- How to complete this task
Please give the count of lines below with the string "from" in them, and no other words.

- Records for the task

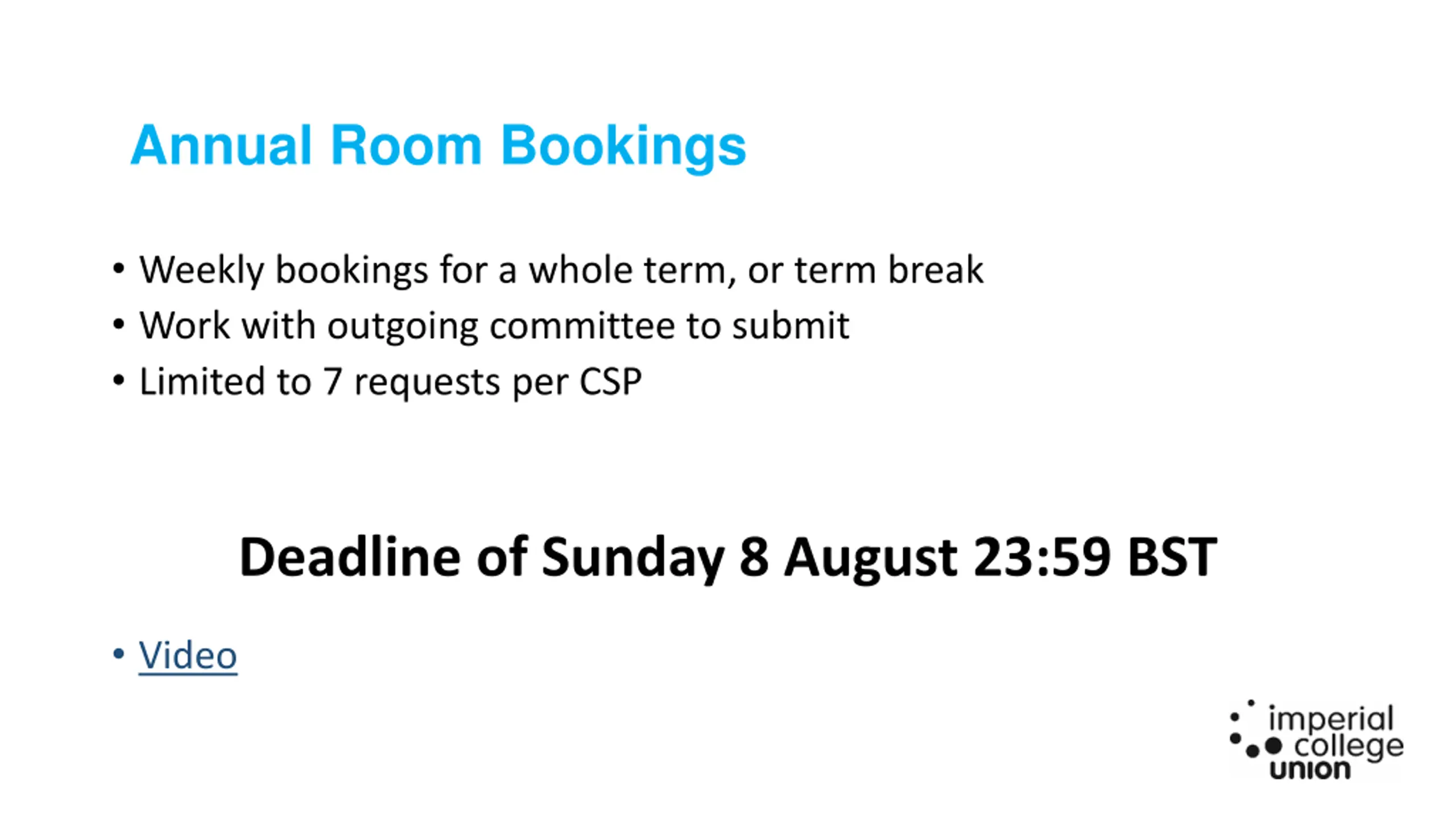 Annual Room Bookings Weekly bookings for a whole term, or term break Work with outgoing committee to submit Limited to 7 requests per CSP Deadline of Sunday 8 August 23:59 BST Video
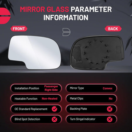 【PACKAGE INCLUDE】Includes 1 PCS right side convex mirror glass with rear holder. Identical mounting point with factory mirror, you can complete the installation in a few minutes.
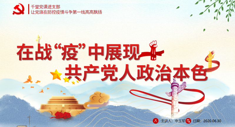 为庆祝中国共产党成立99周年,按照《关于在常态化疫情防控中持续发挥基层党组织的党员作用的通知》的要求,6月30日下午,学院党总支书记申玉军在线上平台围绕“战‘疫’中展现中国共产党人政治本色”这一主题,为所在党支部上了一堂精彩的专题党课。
* * *
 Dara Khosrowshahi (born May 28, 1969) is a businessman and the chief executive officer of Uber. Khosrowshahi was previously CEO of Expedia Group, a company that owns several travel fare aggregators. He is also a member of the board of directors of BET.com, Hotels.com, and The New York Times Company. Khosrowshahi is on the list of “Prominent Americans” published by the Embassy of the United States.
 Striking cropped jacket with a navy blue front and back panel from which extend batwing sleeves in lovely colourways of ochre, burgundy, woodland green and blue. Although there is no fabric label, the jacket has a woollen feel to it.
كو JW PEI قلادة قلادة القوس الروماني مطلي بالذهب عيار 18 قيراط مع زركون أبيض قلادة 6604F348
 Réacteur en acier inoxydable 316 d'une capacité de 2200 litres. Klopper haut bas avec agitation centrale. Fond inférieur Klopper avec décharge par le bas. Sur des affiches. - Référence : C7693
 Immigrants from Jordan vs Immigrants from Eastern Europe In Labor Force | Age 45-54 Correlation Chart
--
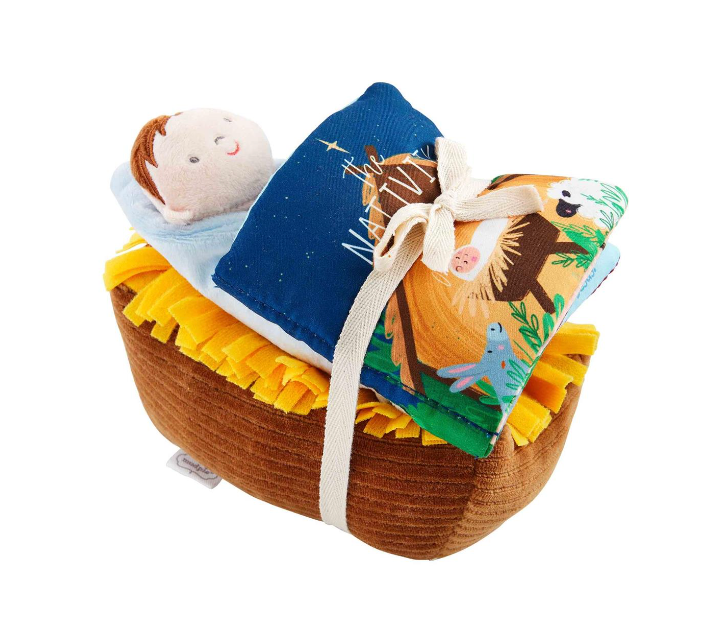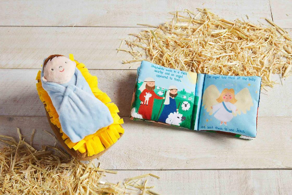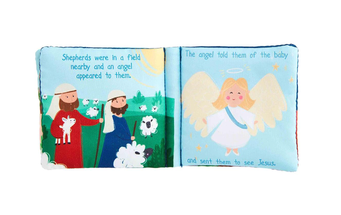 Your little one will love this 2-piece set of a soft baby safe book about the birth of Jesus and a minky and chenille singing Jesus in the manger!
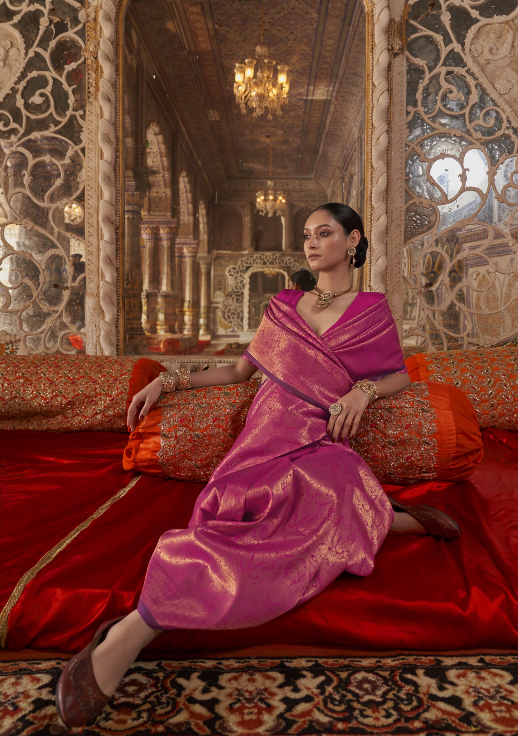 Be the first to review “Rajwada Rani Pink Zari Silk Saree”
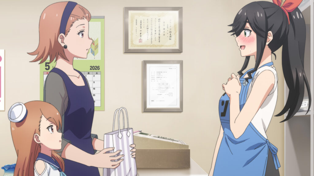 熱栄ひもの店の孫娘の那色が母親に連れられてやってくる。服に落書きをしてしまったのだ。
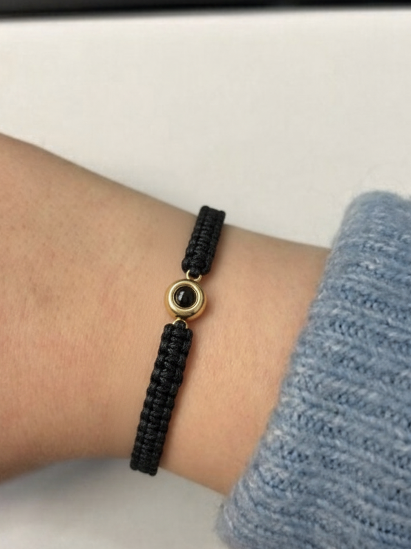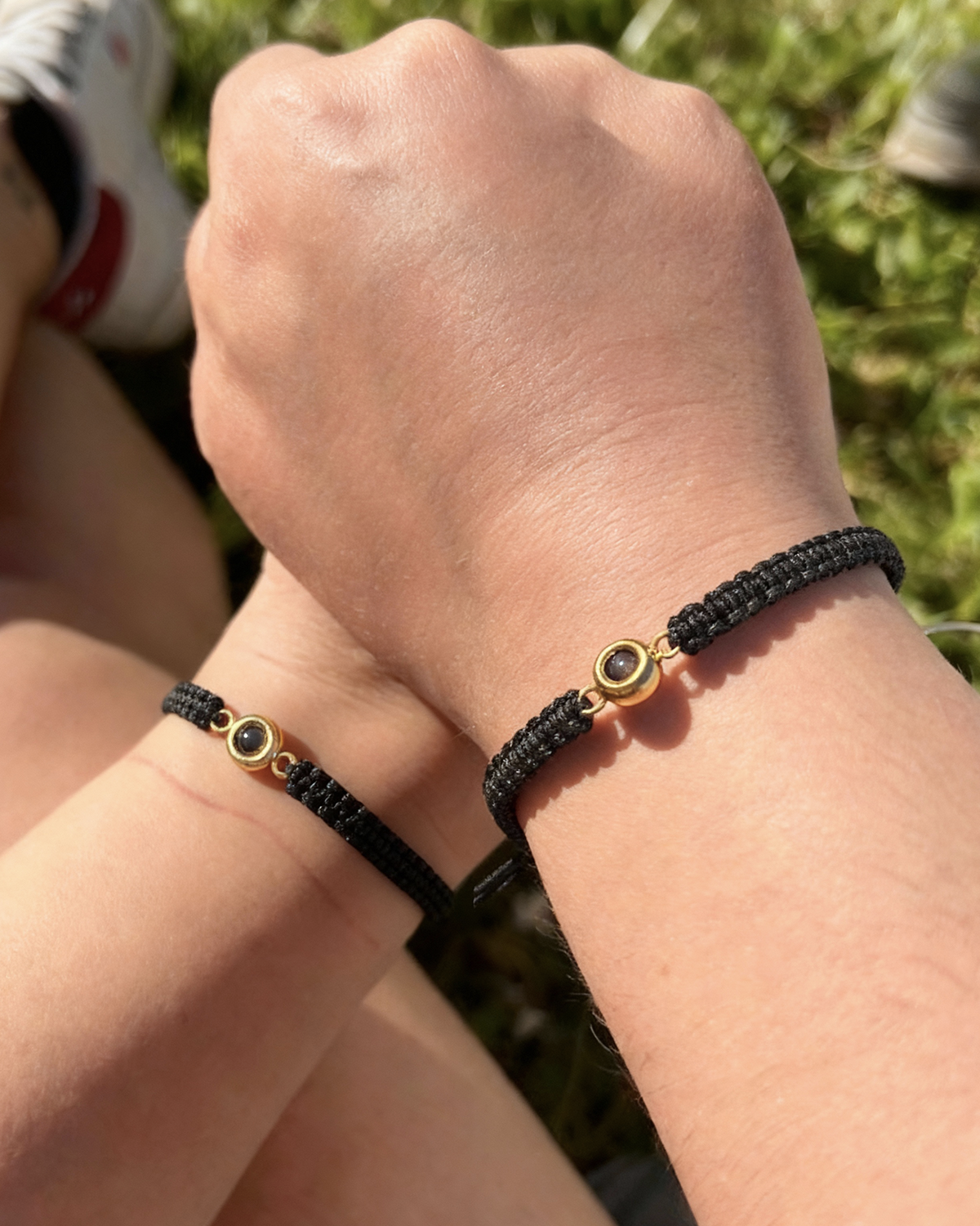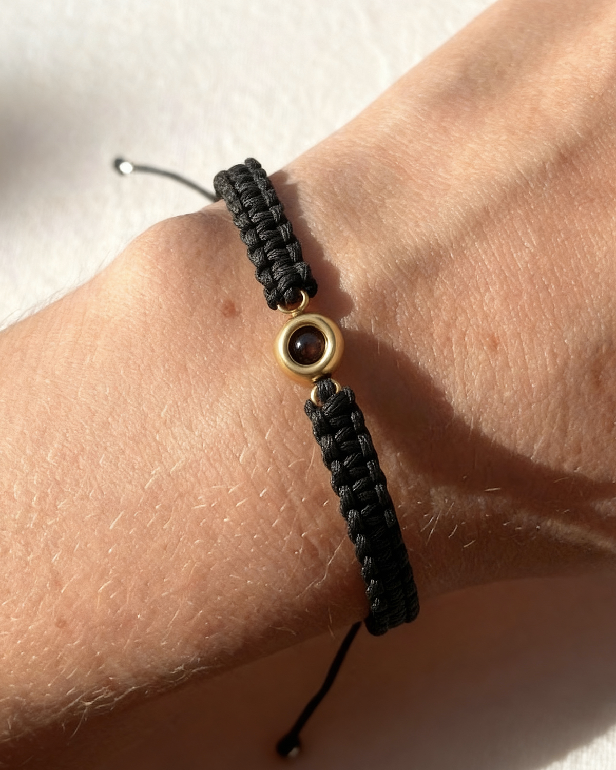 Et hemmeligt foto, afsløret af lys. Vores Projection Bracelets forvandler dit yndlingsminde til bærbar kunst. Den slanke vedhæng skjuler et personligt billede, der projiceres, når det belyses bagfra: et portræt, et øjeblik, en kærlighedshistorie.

- Answer box
2